Could you repeat the listing below exactly while leaving its pictures behind?
═══ DATA PROVIDED ═══
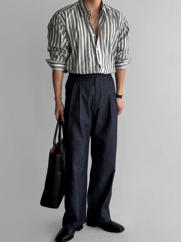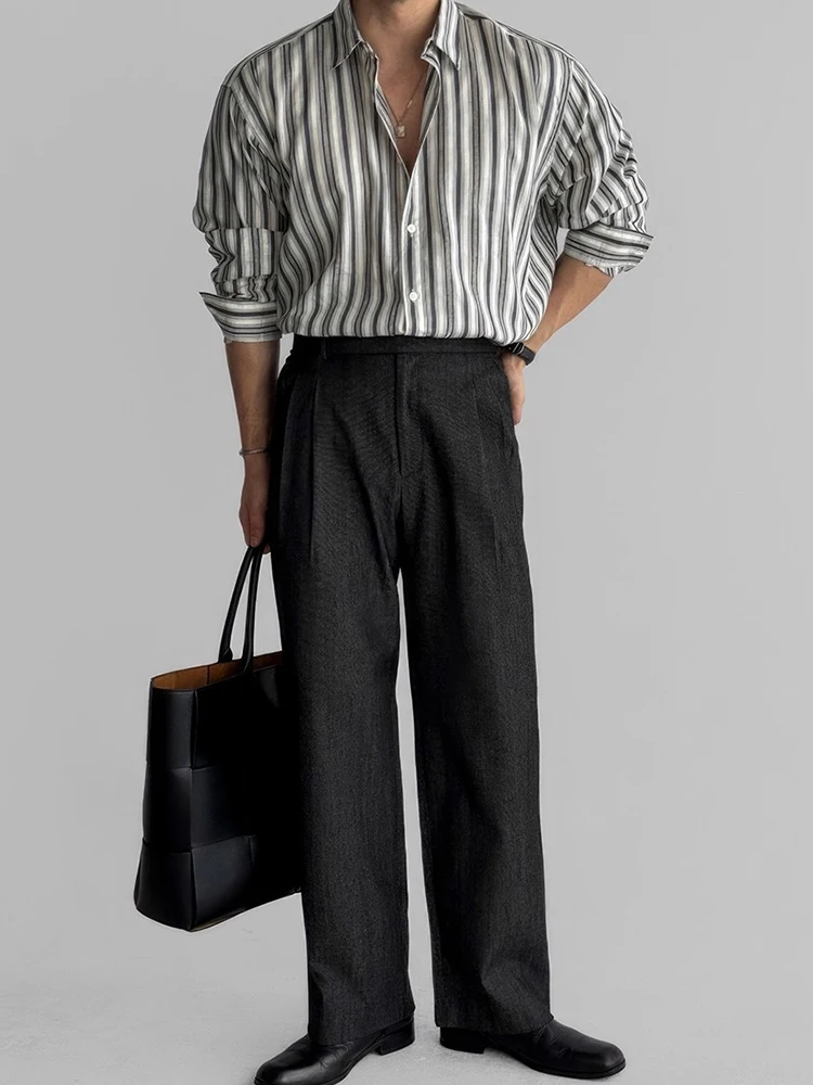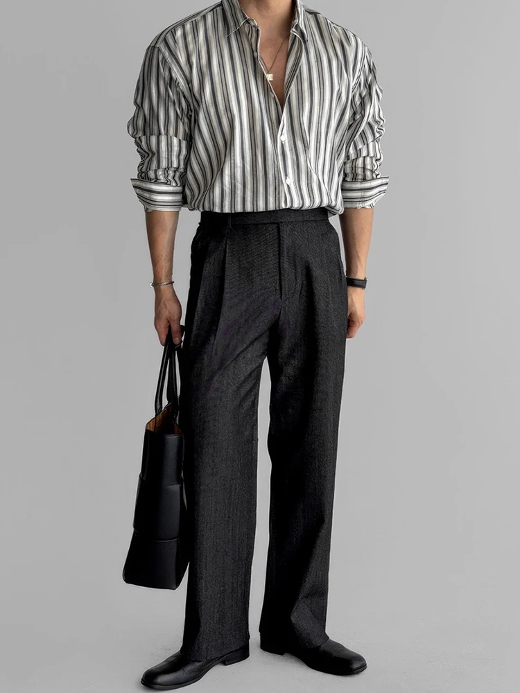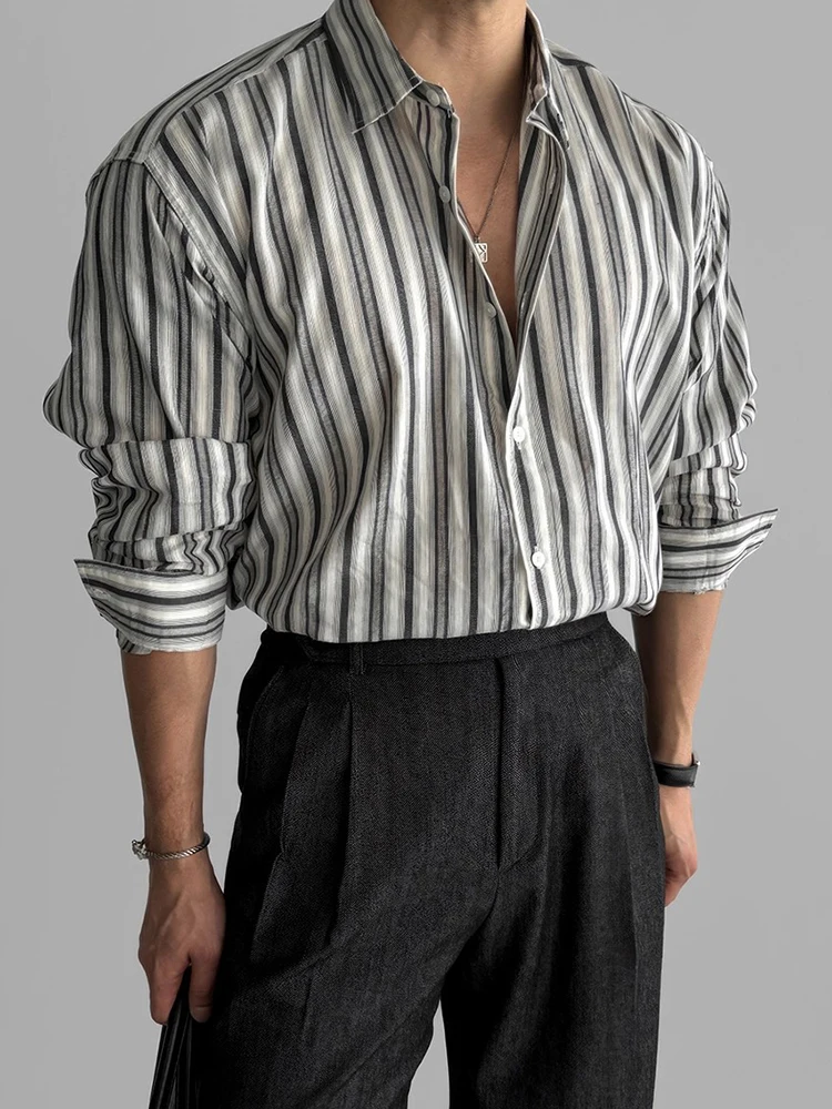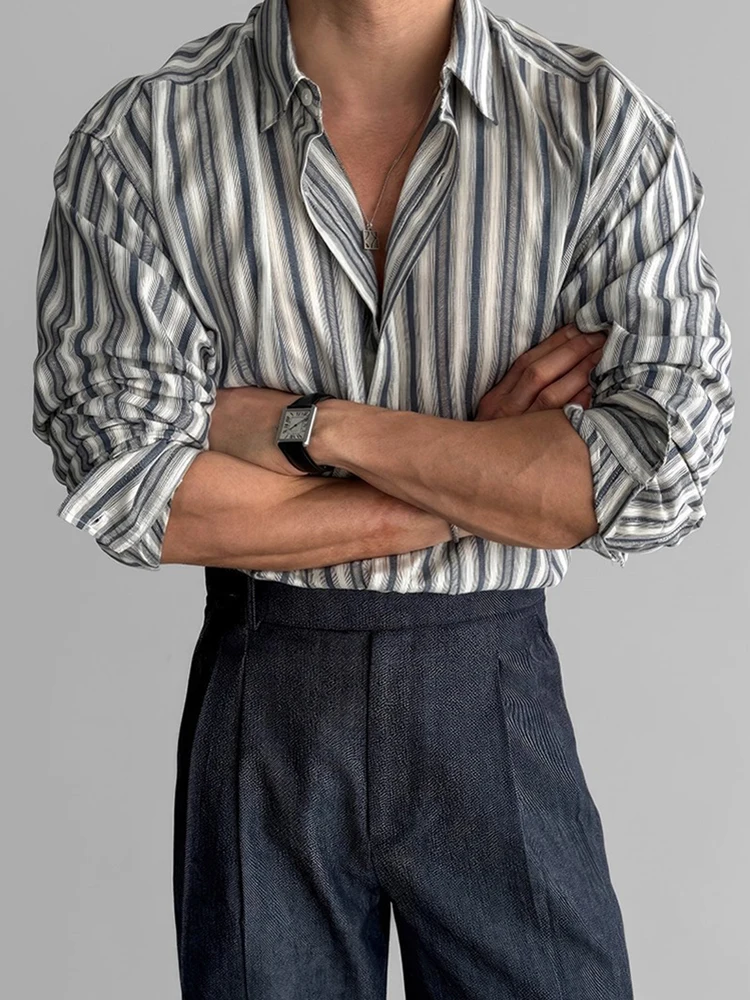 AIDASE - Autumn Vintage Button-up Turn-down Collar Shirt For Men Outdoor Fashion Loose Cardigans Casual Long Sleeve Mens Striped Shirts
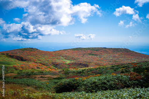 宮城県栗原市、秋田県湯沢市、雄勝郡東成瀬村、岩手県一関市にある栗駒山を紅葉の時期に登山する風景A view of climbing Mt. Kurikoma in Kurihara City, Miyagi Prefecture, Yuzawa City, Akita Prefecture, during the autumn foliage season.
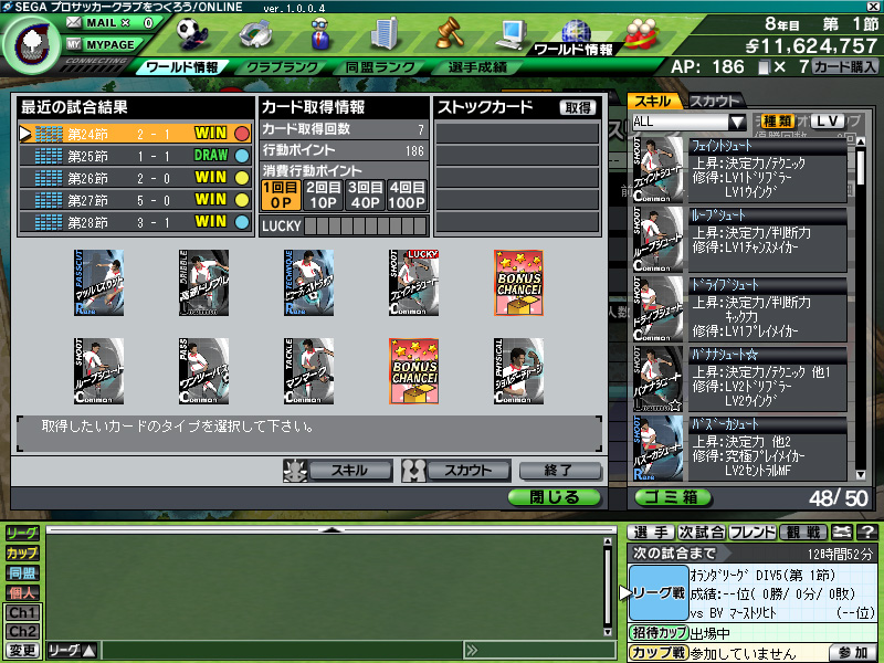 実は1stだと,一人でも十分遊べたんですよ。最初は苦しいけど,少しがまんすれば,なんとかなりました。今のバージョンは,あえて一人だとつらくなるようにしています。カードや選手をトレードしていかないと行き詰まりを感じると思いますよ。
═══
SOLUTION BELOW:
 AIDASE - Autumn Vintage Button-up Turn-down Collar Shirt For Men Outdoor Fashion Loose Cardigans Casual Long Sleeve Mens Striped Shirts
 宮城県栗原市、秋田県湯沢市、雄勝郡東成瀬村、岩手県一関市にある栗駒山を紅葉の時期に登山する風景A view of climbing Mt. Kurikoma in Kurihara City, Miyagi Prefecture, Yuzawa City, Akita Prefecture, during the autumn foliage season.
 実は1stだと,一人でも十分遊べたんですよ。最初は苦しいけど,少しがまんすれば,なんとかなりました。今のバージョンは,あえて一人だとつらくなるようにしています。カードや選手をトレードしていかないと行き詰まりを感じると思いますよ。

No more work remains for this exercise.